The 7-quinolinyl-bearing triazole analogs were synthesized (1d-19d) and further assessed in vitro for their inhibitory profile against α-amylase andα-glucosidase. The entire analogs showed a diverse range of activities having IC50 values between 0.80 ± 0.05 µM to 40.20 ± 0.70 µM (α-amylase) and 1.20 ± 0.10 µM to 43.30 ± 0.80 µM (α-glucosidase) under the positive control of acarbose (IC50 = 10.30 ± 0.20 µM) (IC50 = 9.80 ± 0.20 µM) as the standard drug. Among the synthesized scaffolds, seven scaffolds 12d, 10d, 8d, 9d, 11d, 5d, and 14d showed excellent α-amylase and α-glucosidase inhibitory potentials with IC50 values of 4.30 ± 0.10, 2.10 ± 0.10, 1.80 ± 0.10, 1.50 ± 0.10, 0.80 ± 0.05, 5.30 ± 0.20, and 6.40 ± 0.30 µM (against α-amylase) and 3.30 ± 0.10, 2.40 ± 0.10, 1.20 ± 0.10, 1.90 ± 0.10, 8.80 ± 0.20, 7.30 ± 0.40, and 5.50 ± 0.10 µM (against α-glucosidase), respectively, while the remaining 12 scaffolds 19d, 8d, 17d, 16d, 15d, 7d, 4d, 3d, 1d, 2d, 13d and 6 d showed less α-amylase and α-glucosidase inhibitory potentials than standard acarbose but still found to be active.

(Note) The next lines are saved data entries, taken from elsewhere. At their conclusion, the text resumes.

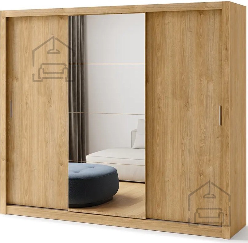Osrednji del omare krasi veliko ogledalo, ki ima dvojno funkcijo – vizualno poveča prostor in ga naredi svetlejšega, hkrati pa olajša vsakodnevno izbiro oblačil. Takšen detajl še dodatno poudari sodobno zasnovo in prinaša praktično vrednost. Hrast shetland barva omare poskrbi za svež in urejen videz prostora ter se zlahka kombinira z različnimi barvnimi toni sten in tekstila.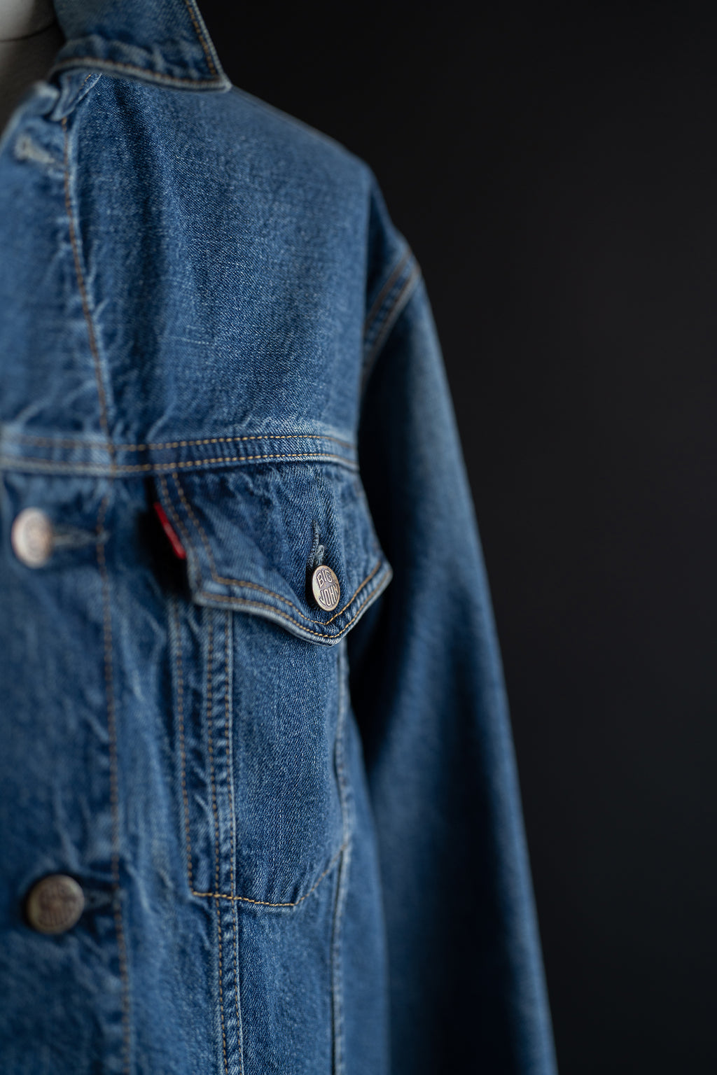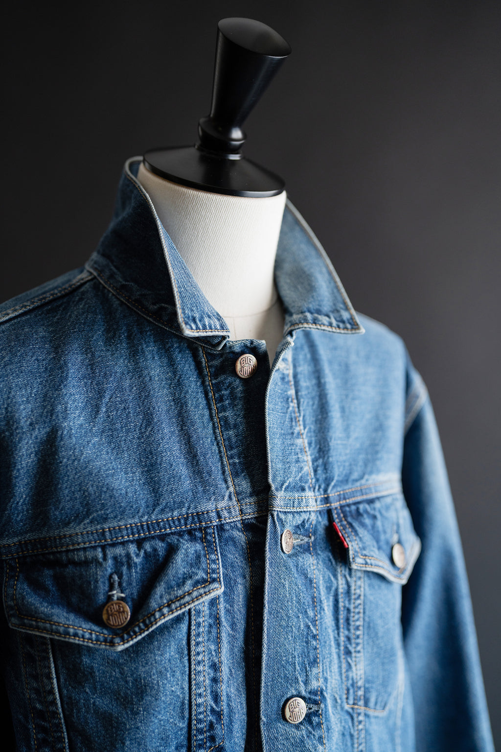 BIGJOHNオリジナルのボタン、リベット、織りネーム、ラベル、フラッシャー、下げ札を使用。
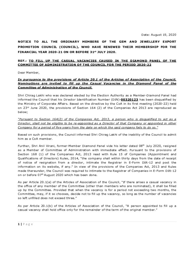 NOTICETOALLTHEORDINARYMEMBERSOFTHEGEMANDJEWELLERYEXPORTPROMOTION COUNCIL (COUNCIL), WHO HAVE RENEWED THEIR MEMBERSHIP FOR THE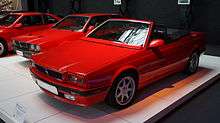 The Biturbo proper was a two-door 2+2 coupé, introduced in December 1981.[4] It was powered by a twin-turbo V6, producing 180 to 205 PS (132 to 151 kW; 178 to 202 bhp). The Biturbo name disappeared when the car was significantly redesigned in 1988. After 1994 the two-door car was again significantly reworked and became the Ghibli.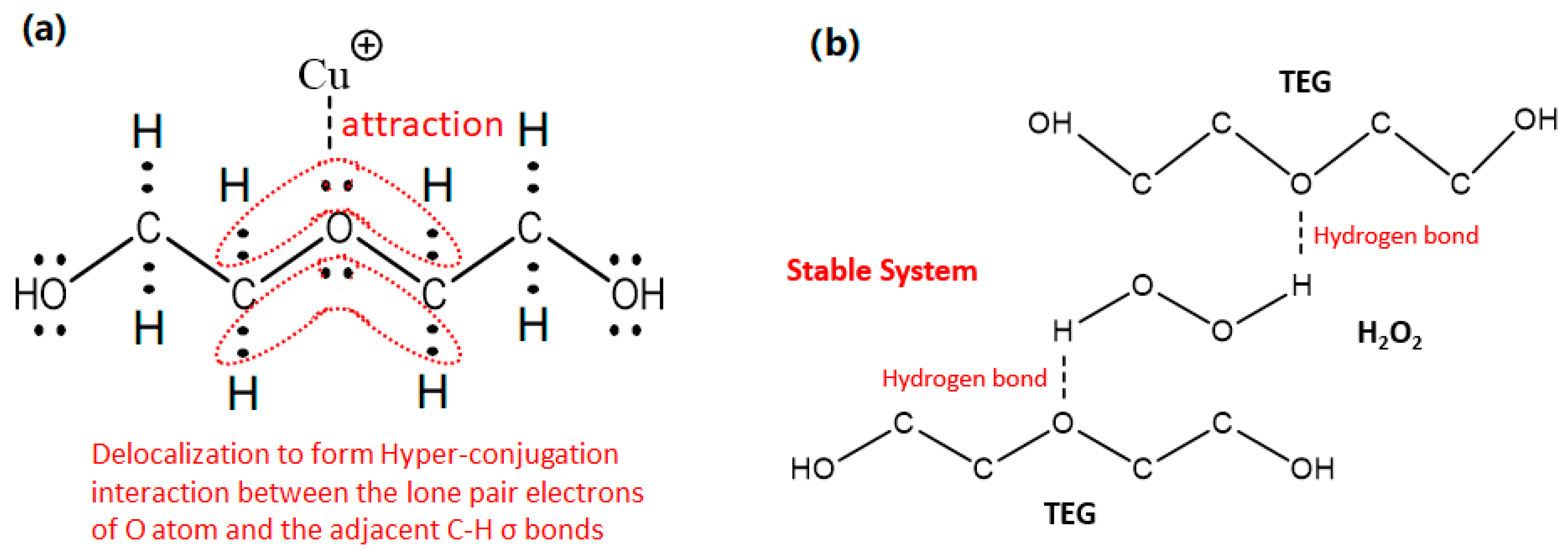Theoretical explanation for the stabilization of H2O2 by alcohol ether compounds: (a) complexation between TEG and Cu2+; (b) the stabilizing effect of hydrogen bonds between TEG and H2O2.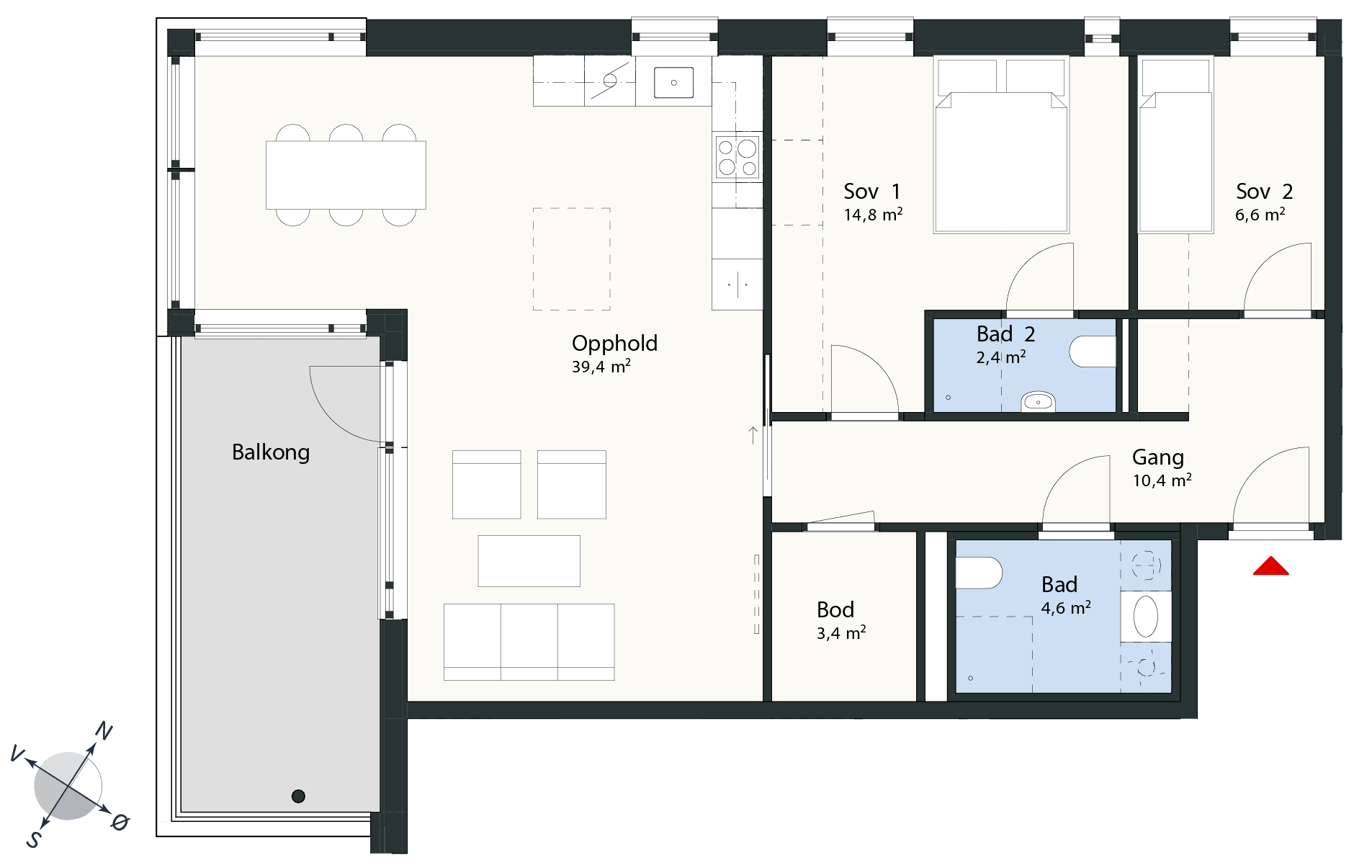 To soverom, hvorav ett med eget bad og gode garderobemuligheter. Kjøkkenet er ekstra flott med lys og lekker hjørneløsning for spisestuen. Store vindusflater binder oppholdsrommet sammen med uteplassen - en vestvendt balkong på 13 kvm.

Structure-activity connection studies also showed that scaffolds with electron-withdrawing groups like -Cl, -NO2, and -F linked to the phenyl ring had higher inhibitory potentials for -amylase and -glucosidase than scaffolds with -OCH3, -Br, and -CH3 moieties. In order to better understand their binding sites, the powerful scaffolds 11d and 9d were also subjected to molecular docking studies. The results showed that these powerful analogs provide a number of important interactions with the active sites of both of these targeted enzymes, including conventional hydrogen bonding, pi-pi stacking, pi-sulfur, pi-anion, pi-pi, pi-sigma, T-shaped, and halogen (fluorine). Furthermore, various techniques (spectroscopic), including 1H, 13C-NMR, and HREI-MS mass, were used to explore the correct structure of newly afforded hybrid scaffolds based on quinoline-bearing triazole ring.

1 Introduction

In the past few decades, DM (diabetes mellitus) was known to be the most familiar epidemic disorder, which adversely affects the metabolic functions performed by the endocrine system. It is growing and spreading rapidly all over the world. Islets of Langerhans are well-known specialized cells that are responsible for producing insulin in the human body when a diabetic patient does not either produce insulin or is incapable of consuming insulin properly. Due to this dysfunction, the glucose (sugar) level of blood increases in the body, resulting in hyperglycemia. DM is categorized into two types, insulin-reliant, which is due to a lack of production of insulin in the human body termed type-1; however, in type-2 diabetes, either insulin is not produced by the human body or is incapable of utilizing insulin properly. After cardiovascular and cancer diseases, which result in mortality, DM is among the most frequent and rapidly growing chronic diseases (Li et al., 2004; Chauhan et al., 2010). However, inhibition of α-amylase and α-glucosidase, as being carbolytic enzymes, is one of the common approaches to minimizing or managing these metabolic disorders (Zaharudin et al., 2019). Lipase, protease, and amylase are the most used enzymes in food biotechnology and industry (Asgher et al., 2007). α-amylase, which belongs to the class of metalloenzymes, catalyzes the formation of glucose and maltose through hydrolysis of starch (polysaccharides) (Sundarram and Murthy, 2014; Taha et al., 2017). The human body absorbs starch through the sequential catalytic action of α-glucosidase (intestinal) andα-amylase (Asgher et al., 2007). Inhibitors of α-amylase and α-glucosidase play a crucial role in modulating the glucose level of blood after taking a meal. Therefore, the α-amylase and α-glucosidase inhibitory potential can be clinically utilized as chemotherapeutic agents and finds applications in the treatment of DM, in addition to obesity (Gunawan-Puteri et al., 2012; Taha et al., 2017).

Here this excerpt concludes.